As a liberal application of "elbow grease" was slowly turning a grey wheelwell once more white I became aware of the presence in my driveway of an older Buick that had seen a better day. A wizened man, on the north side of 80 years old, exited the Buick and approached me with hand outstretched. He introduced himself as Bill, and turned his eyes to Rigel. "She sure is a nice trailer… looks like you have done some traveling." I thanked Bill and acknowledge that the map on the back of the trailer accurately displayed the 42 States that we had visited in the last 17 months. "Wow", Bill remarked, "Mind if I look inside?" I ushered Bill to the door and became a bit concerned as he reached for the handle and displayed a large purple bruise that extended the width of his arthritic hand. His step up into the trailer was tentative and uncertain, but to my relief successful. He stood in the entry and with a wistful, almost vacant gaze he scanned the interior. "When my wife finally passes from her Alzheimer's, this is what I want to do." We both stood silent, Bill continuing his imagined travels and me allowing his words to sink in.

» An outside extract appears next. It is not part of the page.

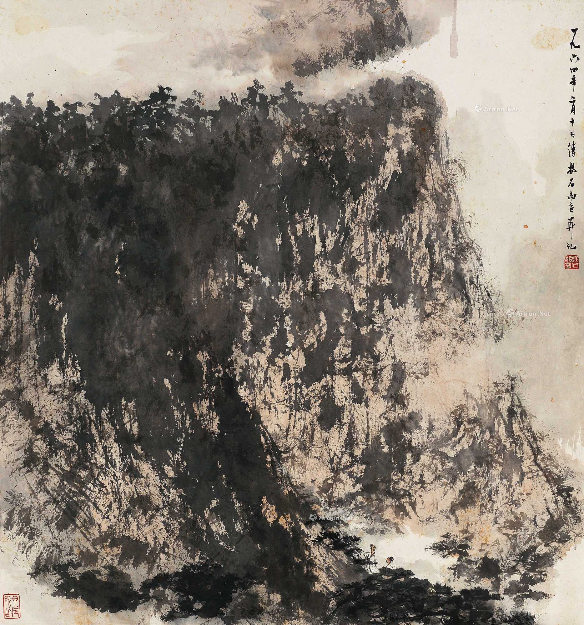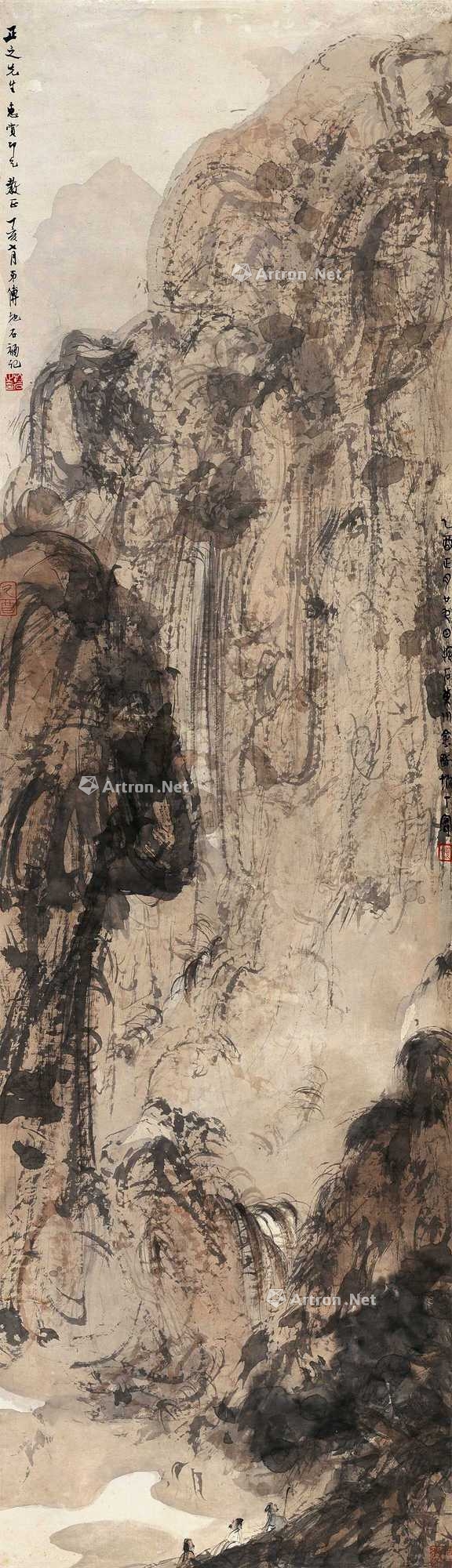 入蜀八年,是傅抱石画风大变的时代。这一时期傅氏山 水画变化丰富,各有特定情境,作法亦随机应变,沉郁 苍茫、淋漓空灵,均能各趋其致。《秋山登临》即是创作于入蜀第七年,为成熟期时作品。是图大片水分作底, 再加以赭色冲晕,转瞬浑化一片,氤氲满纸;复以墨笔 增补,猛刷激扫,似山又似瀑布,云雾蒸腾;东勾西皴, 使之具体;侯稍干,山脚下绘高士一行三人,为首者策 杖,似于混沌中登临,收拾细部,即告完成。

Without further comment Bill sighed, smiled, and began the difficult task of stepping back down from trailer to driveway. He once again extended his hand and thanked me. He looked tired, but at the same time grateful. I expressed to Bill my wish that matters resolve kindly for him and his wife. With tears in his eyes Bill nodded and again thanked me. He returned to his car and left me to ponder what had just occurred.
Bill and his wife are traveling a difficult journey. For a few minutes he borrowed our trailer and found peace in an imaginary detour to a different destination. He also reminded me that his path is one that we may all share one day. Oh, one more thing… as Bill left I became aware that my stereo was playing the sad strains of Jeff Buckley's rendition of "Hallelujah".
God, Gott, Dieu, Yhwh… and Allah.
God by any other name is still Creator. To borrow further from Shakespeare, "Tis but thy name that is my enemy; Thou art thyself,…"
According to Genesis mythology God created the heavens and the earth, light and dark, the plants and animals, and then humanity in God's image and likeness. God toiled for 6 days and then "rested" the 7th day. Perhaps a more accurate description is that God either retired or took a sabbatical because from that point forward humanity took up the task of creating. We created nations, language, and religions… religions that define god in our image and likeness. In my country most call the Creator "God". My German paternal grandparents named the Creator Gott, and my Lebanese/Syrian maternal grandparents (who were Christians) prayed to Allah. "Allah" is not a word unique to a theology, it is merely the Arabic word for God and the Arabic language predates Islam by centuries.
Humanity created all that divides us and in our division we imagine that the Creator takes sides in wars, politics, and sporting events. We created rituals that we imagine are necessary to communicate and entreat with the gods that we created. If God is universal, all powerful and all-knowing then I doubt that God is confused by the names that we choose or the manner by which we address or invoke God. I doubt that God favors one archaic ritual over another, one nation over another, one political party over another, or one baseball team over another.
If there is a Universal Creator (a topic for another time), then I pray that God comes out of retirement and begins work on the 8th day to create peace, love, understanding and respect among those created on the 6th.